The experimental EL spectra of the fabricated monochromatic QD-LED devices are given in Fig. 4d for comparison with the simulation results. The EL peak wavelengths of red, green, cyan, and blue are measured to be 626 nm, 563 nm, 506 nm, and 456 nm, respectively. There are slight differences in the peak wavelengths between PL and EL spectra caused by the quantum-confined Stark effect of an external electric-field upon the emission spectrum in QDs47. To validate our simulation results, 4-primary lighting systems with identical and optimised QD patterns were fabricated using the transfer printing technique24,25,26. The horizontal pitch P of the QD pixel group consisting of four QD patterns is 375 μm and the total size of the actual lighting system is 3.0 × 1.5 mm2 with eight QD pixel groups of stripe red, green, cyan and blue QD patterns. The horizontal pitch P was determined by considering two aspects of (i) the human perception of the pixel group and (ii) the dependency of the pixel pitch on the EL performance in our experiments. First, by selecting the horizontal pitch to be 375 μm, the pixel group was designed not to be recognised by the human visual system at a typical distance from the lighting environment (Supplementary Fig. 7). Second, from our experiment, we selected 375 μm horizontal pitch since the lighting system with 375 μm pitch showed higher EL performance compared with the lighting system with 1500 μm (Supplementary Fig. 8). Figure 4e shows the spectra of the fabricated lighting system with the identical emission widths of 93.75 μm (for the weighting factors of 0.25). The spectrum of the fabricated lighting system having the optimised emission widths is plotted in Fig. 4f. The optimal emission withs for red, green, cyan, and blue QD patterns are designed to be 6 μm, 44 μm, 49 μm, and 276 μm for the respective optimised weighting factors of 0.017, 0.118, 0.130, and 0.735. Insets in Fig. 4e, f are the snapshots of the fabricated white lighting systems with identical and optimised emission widths under EL-driving operation. After the optimisation of the emission width, the blue pixelated QD-LED exhibits a maximum radiance while the red pixelated QD-LED shows a minimum as shown in Fig. 4f.

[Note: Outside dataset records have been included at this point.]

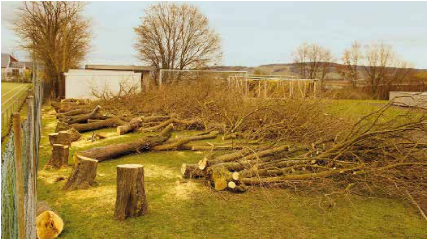
Am 7. Februar 2014 fielen die Maulbeerbäume der Säge zum Opfer

klettert, hat sich manchmal auch über die „Sauerei“ der Früchte geärgert. Jetzt sind sie weg. Sie sind den allgemeinen Pflegemaßnahmen der Baumbestände zum Opfer gefallen. Wer schnell war, konnte sich mit Brennholz für den nächsten Winter eindecken, der eine oder andere Kunsthandwerker hat sich wohl auch das sehr langsam gewachsene Holz für Drechsel- und Schnitzarbeiten gesichert, das meiste wurde aber wohl geschrettert. Der Anblick der gefällten Bäume erweckte etwas nostalgische Gefühle. Aber heutzutage kann man nicht mehr einfach so Bäume fällen. So werden im vorliegenden Fall von der Gemeinde neue Bäume (sicher keine Maulbeerbäume mehr) gepflanzt und bald wird nichts mehr an die Maulbeerbäume erinnern.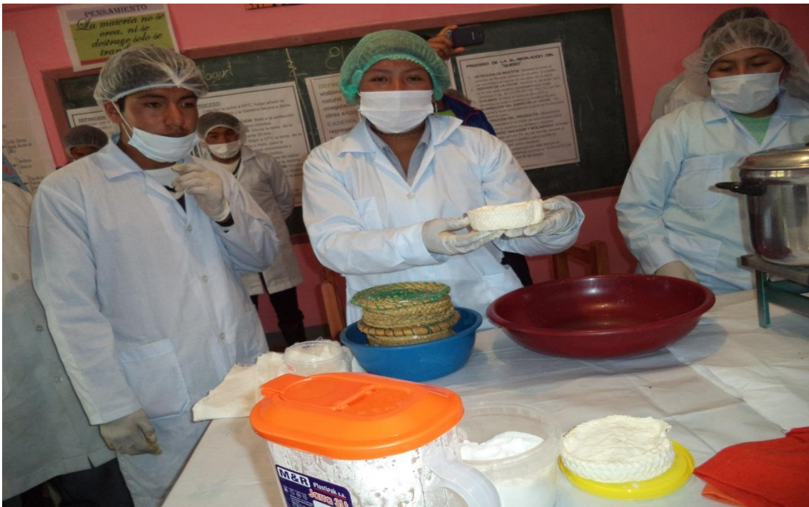
Elaboración técnica de los derivados de leche en la gestión 2014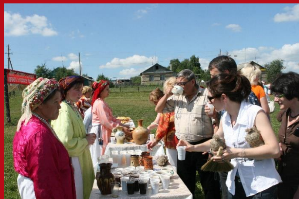
Культурная программа VII Конгресс, Саранск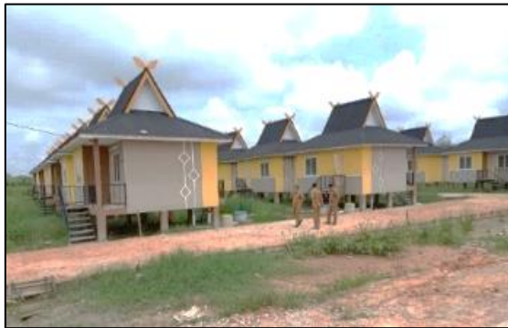
Gambar 3 Rumah Khusus Masyarakat Nelayan

dan panel dalam konstruksi atap (Nasir, Wan Teh. 1996), yang dapat dilihat pada Gambar 3.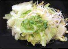
EXTRA VEGETABLE 野菜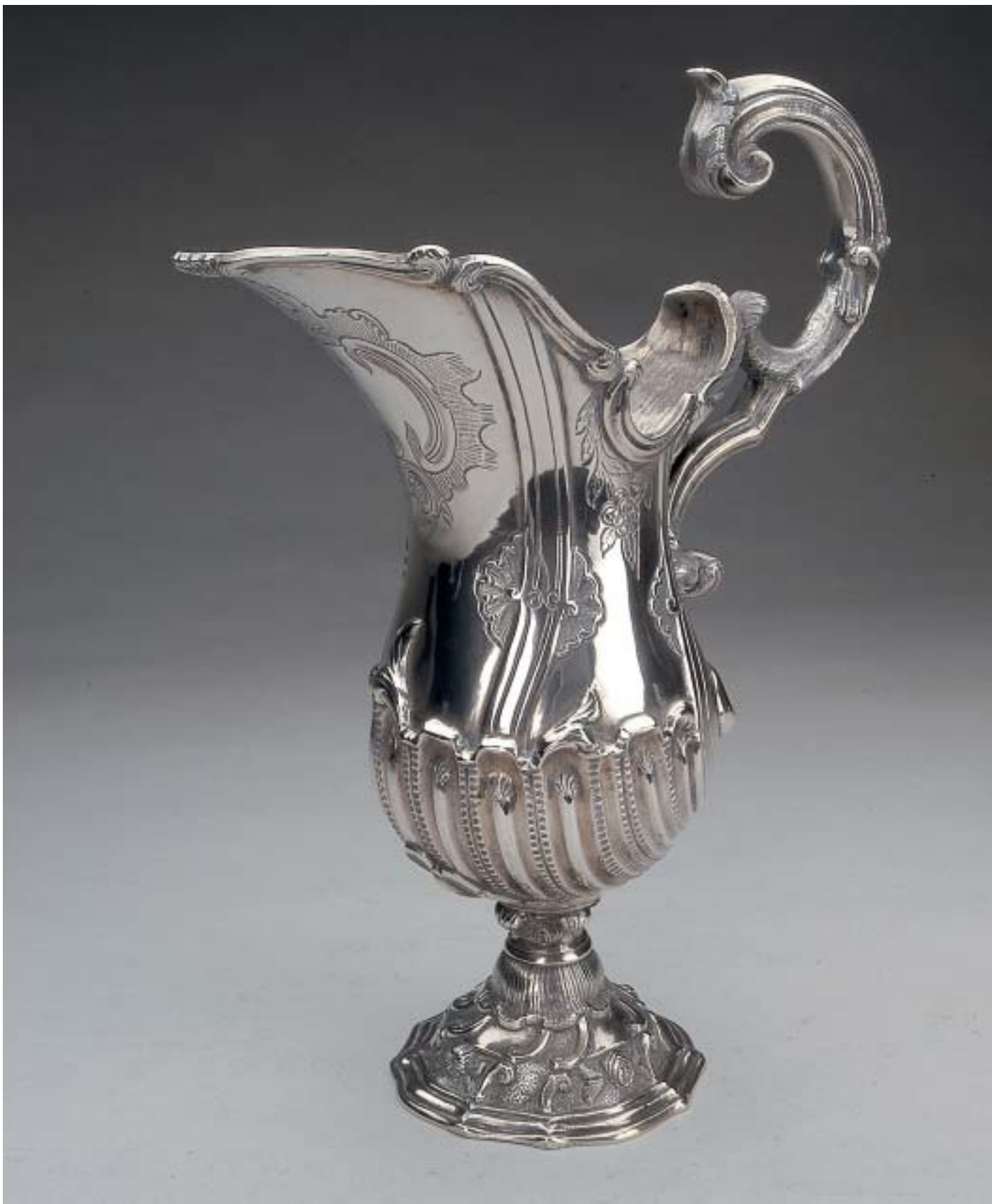
750 GOMIL DE ASA PERDIDA, D. José, prata, sem marcas,

português, séc. XVIII Dim. - 31 cm Peso - 1.400 grs.

Figure 4g–i show the simulated electro-optical properties of the hypothetical 4-primary QD-LED lighting systems finally optimised by our computational design framework. The luminances of the lighting systems with identical and optimised emission widths were simulated to be 10,902 cd m−2 and 2824 cd m−2 at 7 V, respectively (Fig. 4g). The theoretical CRI varies from 83% to 97% and the CCT varies linearly from 2243 K to 9207 K for the voltage ranging from 3.8 V to 5.2 V (Fig. 4h and Supplementary Fig. 9). Figure 4i shows the simulated colour loci of the white lighting system for the applied voltage. In the simulation, the colour of the optimised lighting system changes widely from red to blue through white when the voltage changes from 3 V to 7 V, whereas the system with identical emission widths hardly changes its colour from red even for the voltage increment. As a result of the computational design, excellent lighting performances of 97% CRI and chromaticity close to D65 illuminant around 5 V with a wide colour variation have been theoretically achieved by optimising the colour combination of QDs and designing the layout of the pixelated emission patterns of QDs.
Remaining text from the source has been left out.